Huawei is finding it increasingly difficult to go about its business in the United States. The company’s smartphone business has found it very difficult to establish a footing in this market as the carriers aren’t willing to play ball and now even retailers have decided to stop selling its products. However, it appears that now carriers may also decide against using network equipment from Huawei because the Federal Communications Commission might block their federal subsidies if they don’t comply.

The Wall Street Journal reports that the FCC is mulling a new rule which will prevent small and rural carriers from cashing out their federal subsidies if they source network equipment from Chinese companies like Huawei and ZTE. The rule is expected to be proposed tomorrow but the possibility that it may be shelved hasn’t been ruled out.
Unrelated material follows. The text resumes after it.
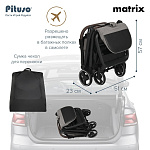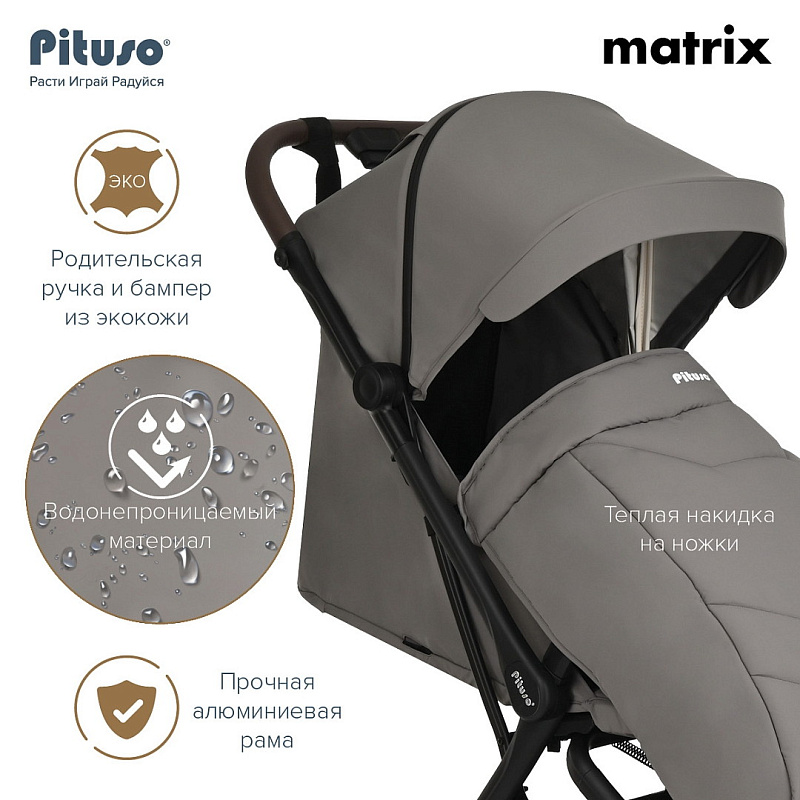 Ультра легкая и компактная коляска Pituso Matrix поможет вам гулять плавно и быстро - это идеальная коляска для тех, кто любит движение и маневренность. Продвинутые инженерные решения позволяют вам пользоваться коляской с легкостью и удовольствием. У заядлых путешественников и энтузиастов будет возможность упаковать в дорожную сумку для удобной транспортировки или хранения.

The proposal from the FCC will prevent carriers using Huawei or ZTE equipment from drawing from the Universal Service Fund, it’s a program created by the government to subsidize companies that provide broadband services in rural areas that are often not served by larger carriers.

It’s not like Huawei is a major supplier of network equipment to U.S. carriers. It only accounts for less than 1 percent of such hardware used by carriers in the country but the U.S. reportedly wants to stop the company from gaining any more market share particularly in the run-up to 5G.

Huawei maintains that its products are not detrimental to U.S. national security and that the allegations against it for spying on China’s behalf are unfounded.